Mais tarde, num jantar, os convidados ficaram olhando
durante mais de uma hora o avião de Saint-Exupéry descrever círculos sobre a
pista de aterrissagem, enquanto ele terminava o livro. “Não sabemos que romance
era aquele”, diz Pélissier. “Mas podemos pensar que aquilo que Saint-Exupéry
perseguia na leitura era menos o interesse pela história do que o problema
técnico de sua construção. Sua imaginação, como a de Poe, analisava tanto a
trama do livro como seu desenvolvimento ou seus problemas, e, ao mesmo tempo,
procurava soluções para o enigma.”
No entanto, um dos trechos ditados em Nova York
proporciona a prova de que raramente Saint-Exupéry ia além de sua própria
experiência pessoal para encontrar as histórias ou o tema de seus escritos. O
chefe berbere queixa-se amargamente das torturas de uma dor nas costas que os
médicos não conseguem curar. “Agora, sou como uma árvore da floresta sob o
machado do lenhador e Deus me abaterá como a uma torre gasta”, escreveu
Saint-Exupéry naquilo que equivale a uma profecia. No dia 6 de novembro de 1943 caiu numa escada sem iluminação e
machucou dolorosamente as costas. Nas semanas seguintes, as consequências da
queda tornaram-se o assunto principal de uma enorme correspondência com
Pélissier, com frequência colocada embaixo da porta do médico. Em seu livre Les Cinq Visages de Saint-Exupéry,
Pélissier descreve em dez páginas a reação de Antoine após o acidente. Ele não
podia admitir que o médico se negasse a acreditar que tinha fraturado a coluna.
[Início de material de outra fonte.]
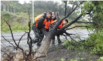 | 边防官兵在舟山清理被台风刮倒的绿化树。张振原 巴黎 谢国平 摄 |
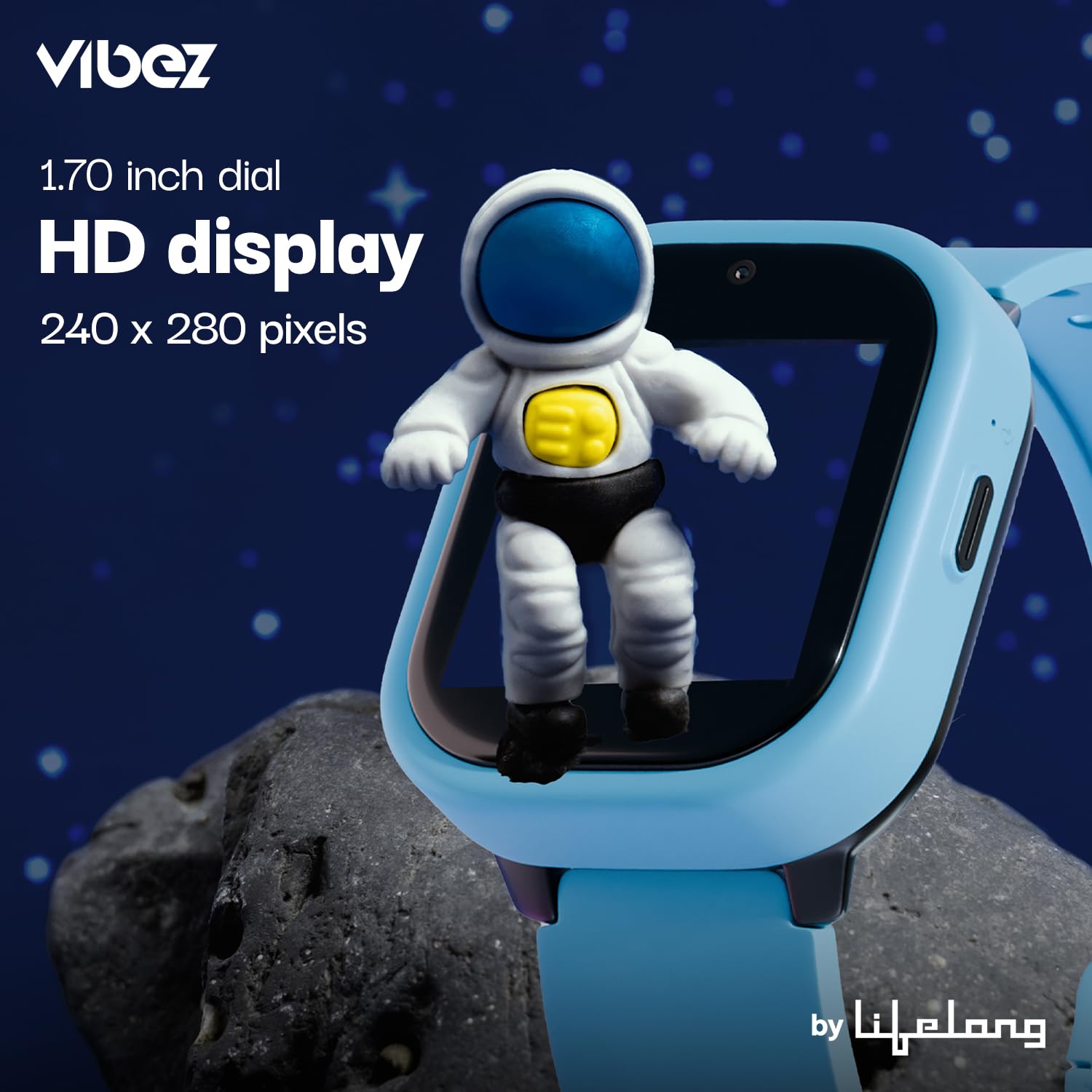 Vibez Smart Watch for Kids – SIM Card, 4G Voice Calling, GPS Location Tracker, Voice Chat, Video Call, Geo-Fencing, SOS Emergency, Health Monitoring Baby Smartwatch & Parental Control (Miracle, Blue)
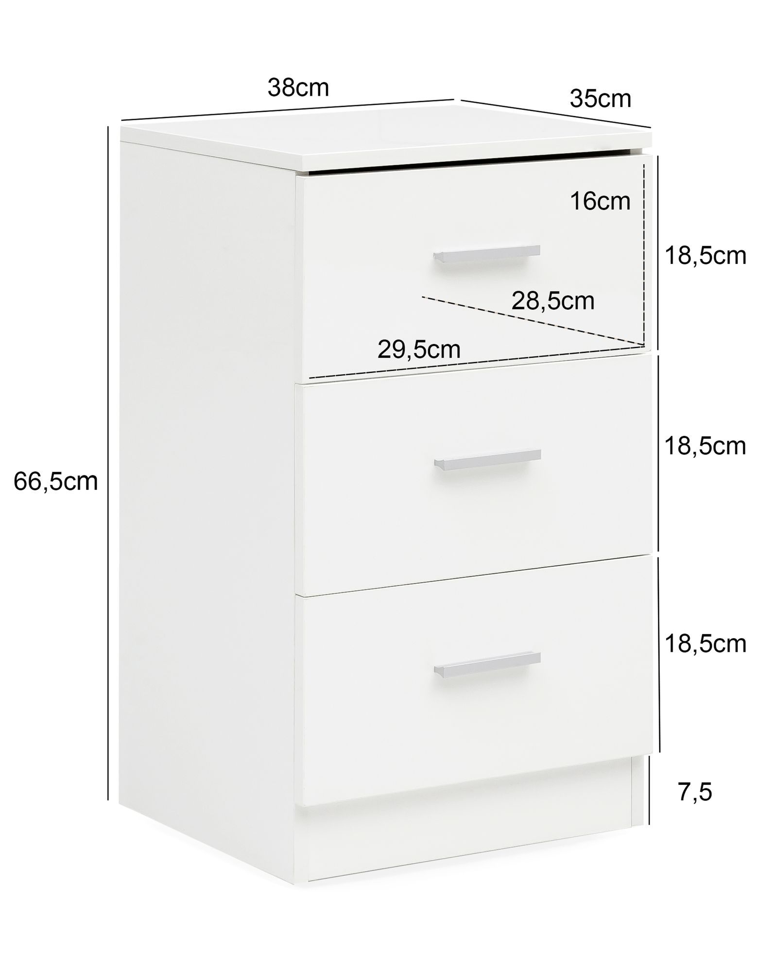 - TOUT SIMPLEMENT RAVISSANT ✔ Le fidèle petit compagnon du lit est la table de nuit. Celle-ci est généralement placée directement à côté du lit, au niveau de la tête de lit, pour accéder facilement au réveil et à la lampe de chevet. Les trois tiroirs spacieux de ce chevet offrent également un bel espace de rangement pour les accessoires tels que les mouchoirs, livres, magazines, etc… De plus, l'aspect blanc ultra brillant confère à cette petite table charme et élégance. Elle vous permettra de faire de votre chambre à coucher une oasis de bien-être absolument parfaite !

Pélissier publicou separadamente as cartas que lhe
foram dirigidas durante os três meses seguintes, pois o conjunto era demasiado
volumoso para ser incluído em seu livro. Esse correio diluviano, entregue em
mãos, só acabou quando Saint-Exupéry aceitou a contragosto o diagnóstico do
médico, bem como sua recusa a receitar um longo período de repouso. Esse
“assunto absurdo”, como dizia Antoine, estava recheado do estranho humor dos
hipocondríacos. No entanto, assume um significado bem maior quando se sabe que
o traumatismo causado pela queda aumentaria ainda mais a depressão causada pela
suspensão dos voos e pela polêmica com os gaullistas.
Nas cartas, Saint-Exupéry insiste em seu desejo de
ficar gravemente enfermo, o que lhe forneceria uma razão válida para ter sido
rejeitado pela Força Aérea e, quando finalmente reconhece que suas dores
dorsais são menos graves do que pensava, convence-se de que está com câncer.
Foi preciso radiografá-lo. Em 24 de fevereiro de 1944, Pélissier anunciou-lhe que ele sofria apenas de azia estomacal
benigna provocada pela excessiva absorção de remédios e por uma alimentação
muito condimentada.
Sem esperança de se salvar do ônus da existência,
graças a uma eventual doença mortal, Saint-Exupéry novamente fez de tudo para
retomar a qualquer preço o serviço ativo. Em abril de 1944, finalmente teve
ganho de causa. Pouco mais de três meses depois, ele estaria morto.